Le gouvernement britannique a annoncé qu'il étendra sa Loi sur la sécurité en ligne pour inclure tous les fournisseurs de chatbots d'intelligence artificielle. Cette mesure vise à obliger ces plateformes à empêcher la création de contenu illégal ou nuisible, après le cas du chatbot Grok de xAI qui a permis de générer des images sexualisées. Le premier ministre Keir Starmer a affirmé que aucune plateforme n'aura de passe-droit.
Le défi technique de filtrer le contenu généré par IA en temps réel ⚙️
La régulation pose un défi de développement complexe : implémenter des systèmes de filtrage qui opèrent en temps réel sur des modèles génératifs. Les fournisseurs devront ajuster leurs architectures pour inclure des couches de modération plus robustes, éventuellement en combinant des classificateurs entraînés pour détecter les demandes problématiques et bloquer les sorties non autorisées, sans dégrader la fonctionnalité générale de l'assistant.

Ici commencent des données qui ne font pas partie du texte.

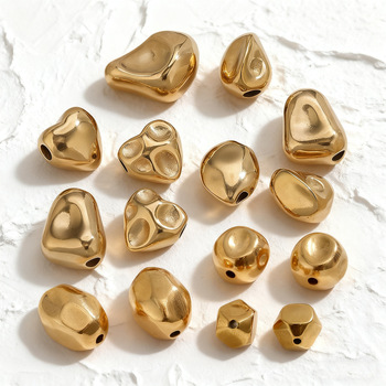 Cuentas femeninas cóncavas de acero inoxidable a prueba de agua de oro de 18 quilates chapadas en oro con textura de martillo de moda para joyería DIY

Les chatbots demandent un avocat avant de répondre ⚖️
Avec ces normes, il est possible que les prochains modèles d'IA incluent un module de consultation légale préalable. Face à des questions complexes, le système pourrait répondre : Désolé, pour générer une opinion sur ce sujet je dois consulter le département de conformité réglementaire du Royaume-Uni. Le délai estimé de réponse est de 4 à 6 semaines ouvrables. La bureaucratie numérique est arrivée.